Step 1: Find which timeseries are needed for the query 

In this query we only asked for data associated to host:bubs. So the first step for our backend is to scan all sources (in this case all {host, device} combination with which metric system.disk.total is submitted) and only retain those corresponding to the scope of the query. 
 
As you may have guessed, our backend will find 5 matching sources (see previous paragraph).
 
 
The idea is then to aggregate data from these sources together to give you a metric representing the system.disk.total for your host. This will be done at step 3.
 
Note:
The tagging system adopted by Datadog is simple and powerful. You don’t have to know and specify the sources to combine, you just have to give a tag, i.e. an ID and Datadog will combine all data with this ID and not the rest. For instance, you don’t need to know the number of hosts or devices you have, when you query system.disk.total{*}. Datadog will aggregate data from all sources for you.
 
More information about timeseries and tag cardinality may be found here:
http://help.datadoghq.com/hc/en-us/articles/204271775-What-is-a-custom-metric-and-what-is-the-limit-on-the-number-of-custom-metrics-I-can-have-
 
Parameter involved: scope
You can use more than one tag, e.g. {host:bubs, device:udev} if you want to data responding to both tags.

Step 2: Proceed to time-aggregation

Our backend selects all data corresponding to the time-period of your graph.
 
However, before combining all data from the different sources (step 3), datadog needs to proceed to time-aggregation.

Why?

As we store data at a 1 second granularity we cannot display all real data on graphs.
See here: http://help.datadoghq.com/hc/en-us/articles/203765565-How-is-data-aggregated-in-graphs
 
For a graph on a 1-week time window, it would require sending hundreds of thousands values to your browser, and besides not all these points could be graphed on a widget occupying a small portion of your screen.
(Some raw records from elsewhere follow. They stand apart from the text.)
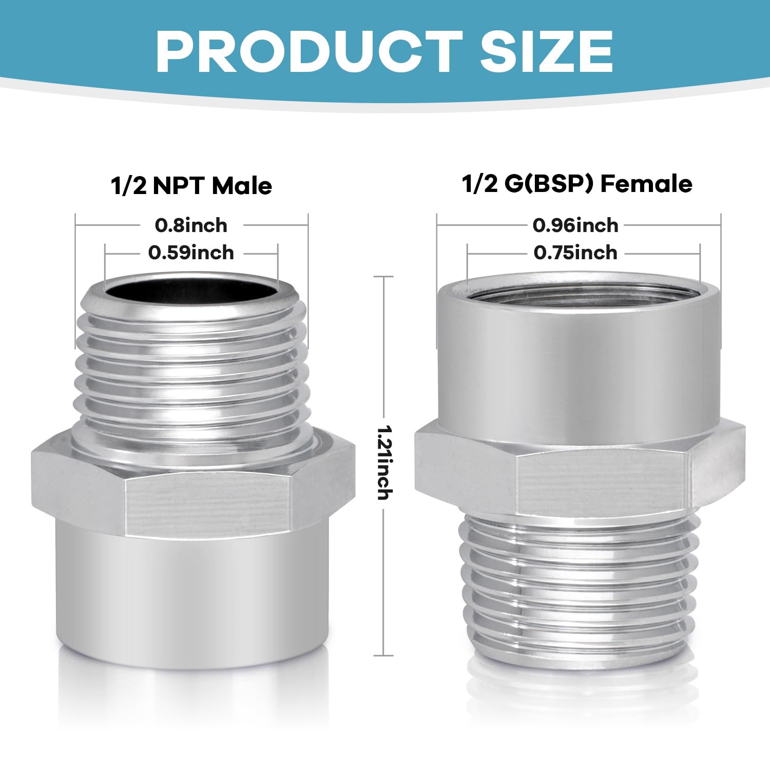 - 【Seamless Metric to NPT Conversion】 Easily convert European BSP (G) 1/2" female threads to U.S. standard NPT 1/2" male threads—ideal for adapting imported plumbing components.
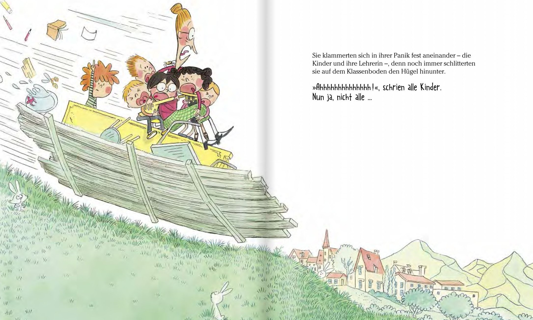 Der Aufprall ist so stark, dass das gesamte Klassenzimmer durch die Decke fliegt und im Schulhof landet. In diesem Moment setzt ein Sturm ein, der den Boden des Klassenzimmers über die Weide nahe der Schule über den Hügel bis hin zu einem Abhang weht. Platsch, macht das Floss, als es im Fluss landet. Der Boden wankt und schwankt. Alle versuchen sich festzuhalten. Vor allem, weil sie schon den gigantischen Wasserfall hören. Dem sie hoffnungslos ausgeliefert sind. Zum Glück wird der Strom danach ruhiger, und das Floss gleitet sanft dahin. Alle atmen erleichtert auf. Aber dann…
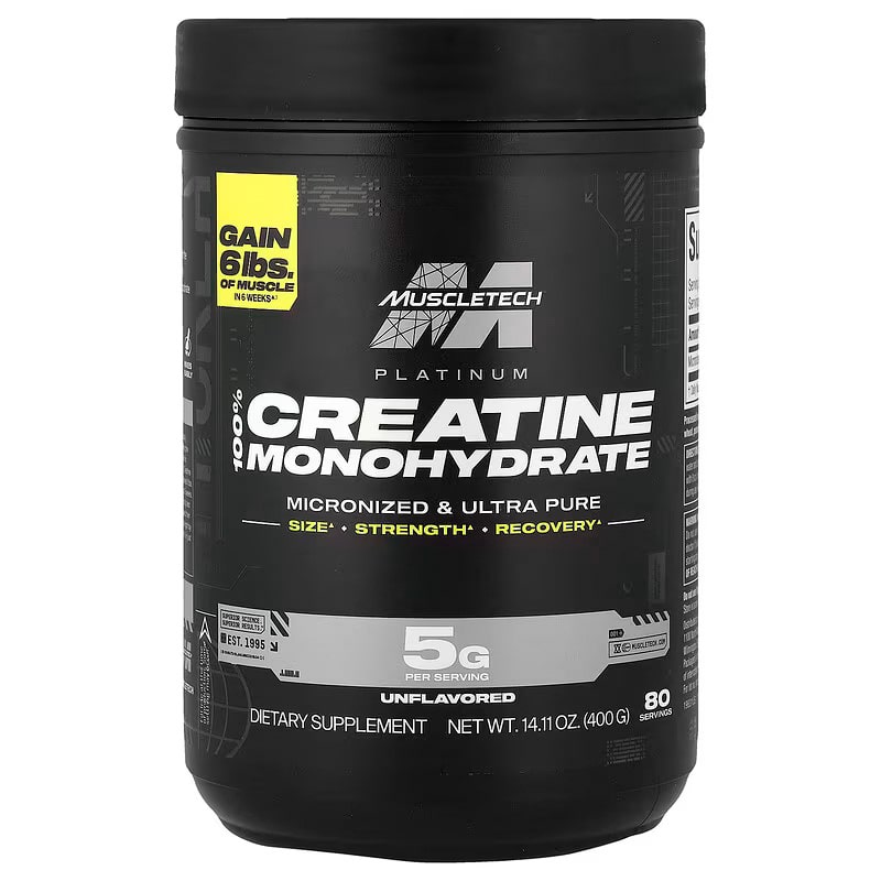 مکمل MuscleTech Platinum 100% Creatine به شما این امکان را می دهد که عرضه کراتین فسفات را در عضلات خود افزایش دهید که این امر به نوبه خود عضله سازی و افزایش قدرت عضلانی را به همراه دارد .
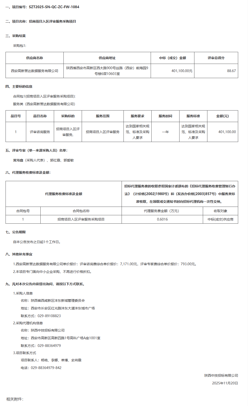 陕西省西咸新区沣东新城管理委员会招商项目入区评审服务采购项目中标(成交)结果公告
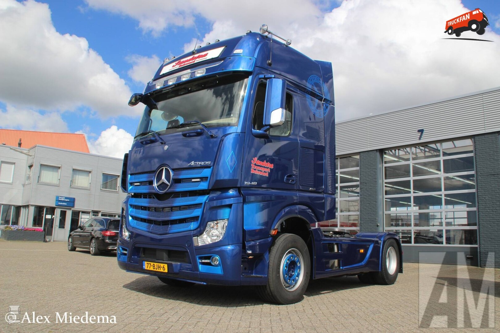 Het is de eerste Mercedes-Benz truck in de Sandstra vloot. De GigaSpace trekker zit boordevol opties met als lichtend hoogtepunt de verlichte Mercedes ster in de grille! Truck ontwerper Erik de Boer zorgde er voor dat de Sandstra kleuren perfect aansluiten op het design van de Actros. De 1948 is met een hydrauliek unit uitgerust zodat hij een walking floor trailer kan gaan trekken.
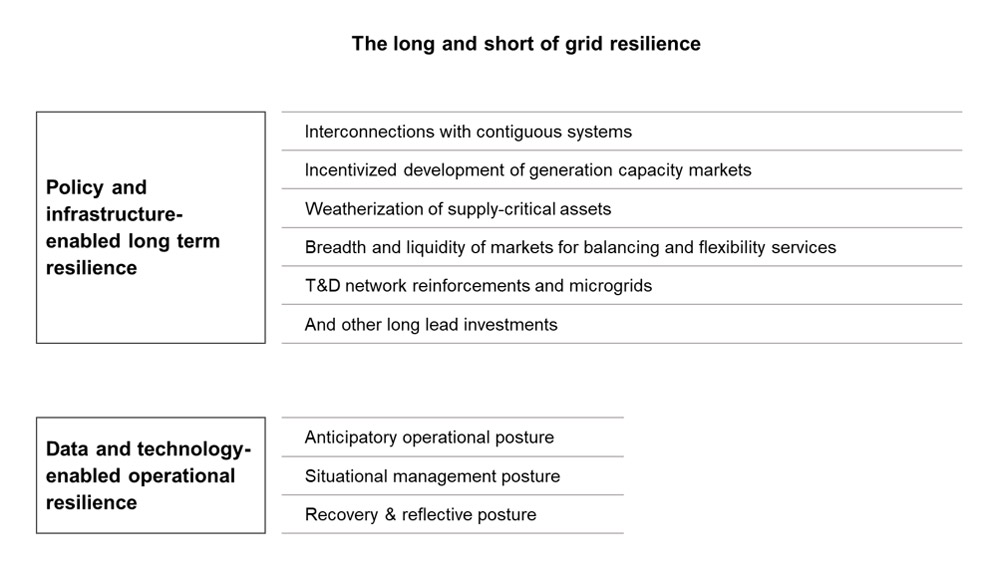A variety of capabilities goes into enabling resilience of the electric grid. Some require long gestation periods. These long-lead capabilities are typically in the energy policy, regulation and infrastructure investment domains. Investments in reinforcing transmission and distribution (T&D) networks, empowering and enabling community grids, interconnections, and deepening and broadening markets for balancing and flexibility services are examples of such long-lead capabilities.
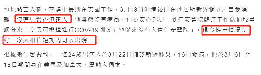 根據媒體的求證,發言人表示:李兆基的外孫李建中一直都在美國工作,直到3月18號才返回香港,之后就一直在他居住的新界獨立屋進行自我隔離,期間并未見過在香港的家人,沒有見過四叔,雖然并沒有病癥,為了安心檢測后被確診。
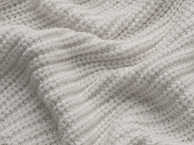 正方形の格子模様が特徴的で、厚みと立体感があり、空気をため込む構造で保温性に優れている。
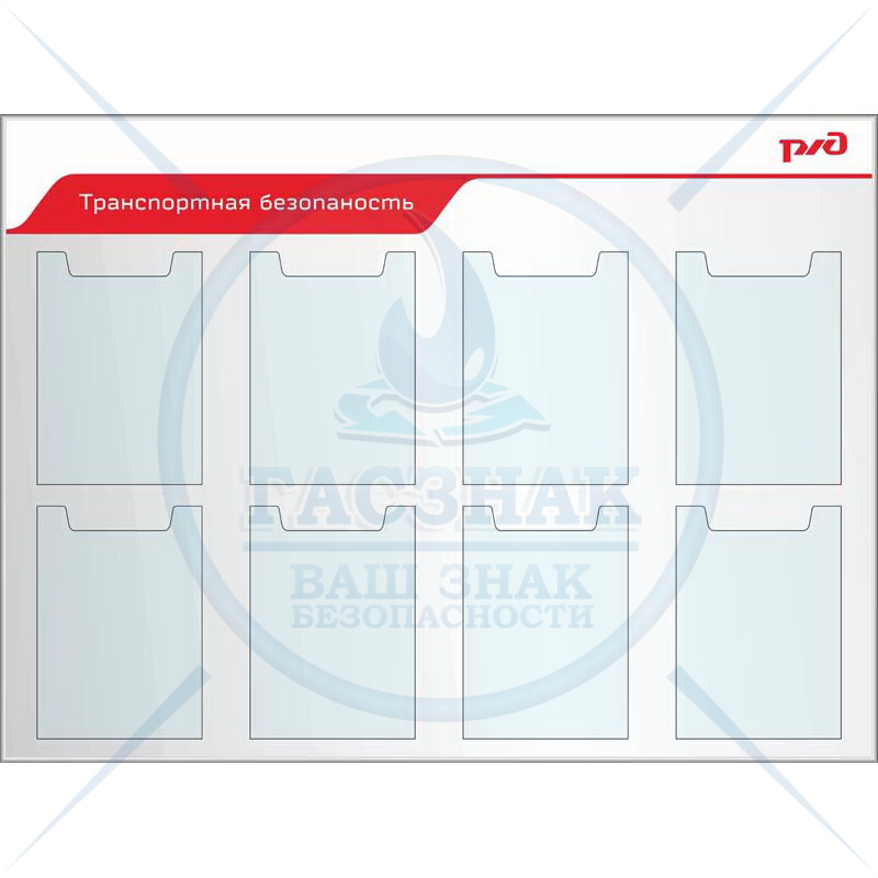 Стенд. Стенд Уголок по охране труда ( 4 кармана формата А4, плоских, 2 кармана формата А4, объемных) стиль РЖД с логотипом, Логотип (1000х1000; Пластик ПВХ 4 мм, алюминиевый профиль; )
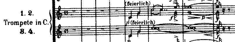 Von der großen Sehnsucht (Of the Great Longing) is the next section of music, and it depicts Zarathustra’s great yearning to elevate and uplift humanity to his enlightened state.  It is music which is layered heavily with the “Longing” motive.  This part of the tone poem elides right into the next, Von den Freuden und Leidenschaften (Of Joys and Passions), which is a frenetic depiction of Zarathustra’s Passions.  Naturally enough, Strauss uses the “Passion” motive liberally in this section, and part way through we hear another important motive.  Three trombones blare out in unison a motive sometimes labeled the “Disgust” motive, but one which Robert Greenberg calls the “Full to Bursting” theme.  This is a theme that is as full of chromaticism and dissonance as the “Nature” theme is full of consonance.

For these reasons we are forced to proceed to data aggregation and to send a limited number of points to your browser to render a graph.

Which granularity?

For instance, on a one-day view with the 'lines' display you'll have one datapoint every 5 min. So our backend slices the 1-day interval into 288 buckets of 5 minutes. For each bucket our backend rolls up all data into a single value. For instance the datapoint rendered on your graph with timestamp 07:00 will be actually an aggregate of all real datapoints submitted between 07:00:00 and 07:05:00 that day.

How?

By default our backend computes the rollup aggregate by averaging all real values, which tends to smooth out graphs as you zoom out. You may see more information here: http://help.datadoghq.com/hc/en-us/articles/203571289-Why-does-zooming-out-a-timeframe-also-smooth-out-my-graphs-

Data aggregation needs to occur whether you have 1 or 1000 sources as long as you look at a large time window. So what you generally see on graph are not the real values submitted but local aggregates.



Our backend will compute a series of local aggregates for each source corresponding to the query.

However, you can control how this aggregation is performed.

Parameter involved: rollup (optional)
How to use the 'rollup' function:http://help.datadoghq.com/hc/en-us/articles/204526615-What-is-the-rollup-function-

In our example rollup(avg,60) will define an aggregate period of 60 seconds. So our X minutes interval will be sliced into Y intervals of 1 minute each. Data within a given minute will be aggregated into a single point that will show up on your graph (after step 3, the space-aggregation).

Please note that our backend tries to keep the number of interval to a number below ~300. So if you do rollup(60) over a 2-month time window, you will not get the one-minute granularity requested.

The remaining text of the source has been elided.